• Enhance and protect 9-square-mile habitat complexes where the landscape will be boosted to 40 percent permanent nesting cover because large blocks of habitat increase reproductive success.

• Increase enrollment of permanent conservation easements and nonpermanent conservation programs by private landowners.

• Increase education and marketing of state and federal conservation programs to landowners through the Farm Bill Assistance Partnership.

• Accelerate acquisition of public hunting lands in the pheasant region. That will increase habitat and create more hunting opportunities.

• Improve existing wildlife habitat on private and public lands with prescribed burns, tree removal, conservation grazing and haying.
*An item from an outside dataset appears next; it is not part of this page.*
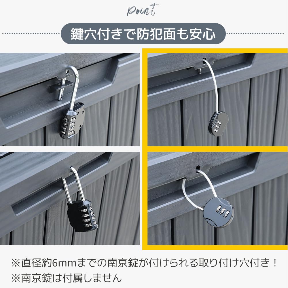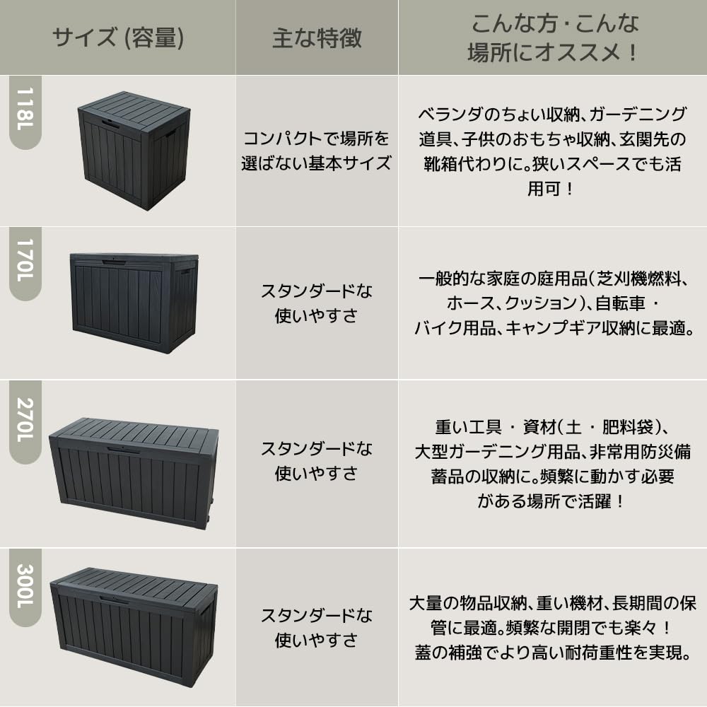 【ご用途に合わせて選べる4サイズ】118L--コンパクトで場所を選ばない基本サイズ--ベランダのちょい収納、ガーデニング道具、子供のおもちゃ収納、玄関先の靴箱代わりに。狭いスペースでも活用可!170L--スタンダードな使いやすさ--一般的な家庭の庭用品(芝刈機燃料、ホース、クッション)、自転車・バイク用品、キャンプギア収納に最適。270L--スタンダードな使いやすさ--重い工具・資材(土・肥料袋)、大型ガーデニング用品、非常用防災備蓄品の収納に。頻繁に動かす必要がある場所で活躍!300L--スタンダードな使いやすさ--大量の物品収納、重い機材、長期間の保管に最適。頻繁な開閉でも楽々!蓋の補強でより高い耐荷重性を実現。

• Launch a comprehensive buffer program along waterways — which will happen under a law pushed for and signed by Gov. Mark Dayton. Fifty-foot buffers must be installed on public waters by late 2017 and 16 ½-foot buffers on public ditches by late 2018. The buffers should help water quality but also boost wildlife habitat.
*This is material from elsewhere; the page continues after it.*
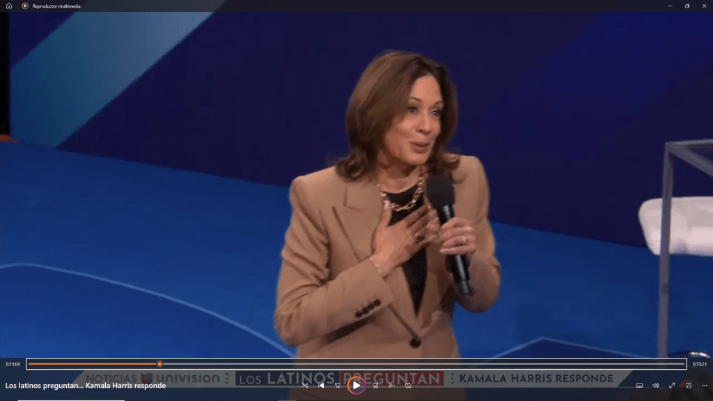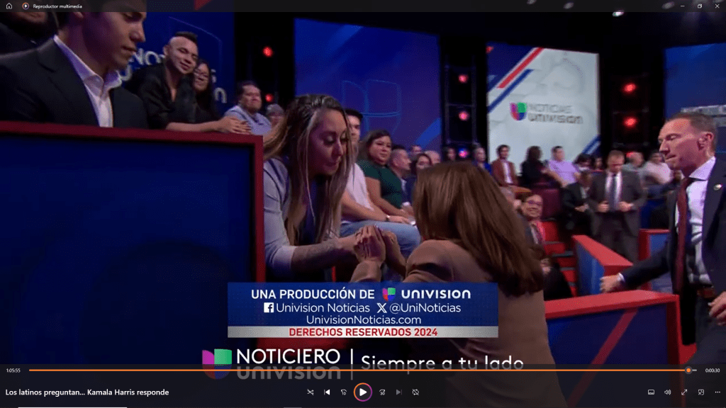 Harris ha conectado con el público dado dado que he visto cómo su rostro empatizaba a nivel emocional con lo que podrían estar sintiendo las personas que le preguntaban. Principalmente con una mujer que, entre lágrimas, le ha hablado de su madre recién fallecida. Con ella se ha ganado un punto adicional, tanto para la propia mujer como para los espectadores que han visto lo que Harris ha hecho al terminar el programa: acudir a hablar con ella más a solas cogiéndola con ambas manos. Creo que esta acción ha sido el mayor acierto de Harris.

• Optimize pheasant habitat on roadsides.

• Secure federal funding to sustain or expand the state's fledgling walk-in access program in the pheasant region, which pays landowners to allow public access. Last year, hunters could access 21,000 acres across 35 counties.

• Expand public education about grassland and pheasant conservation issues, and support hunter recruitment and retention efforts.

• Expand monitoring and research of pheasants and pheasant habitat to ensure long-term sustainability.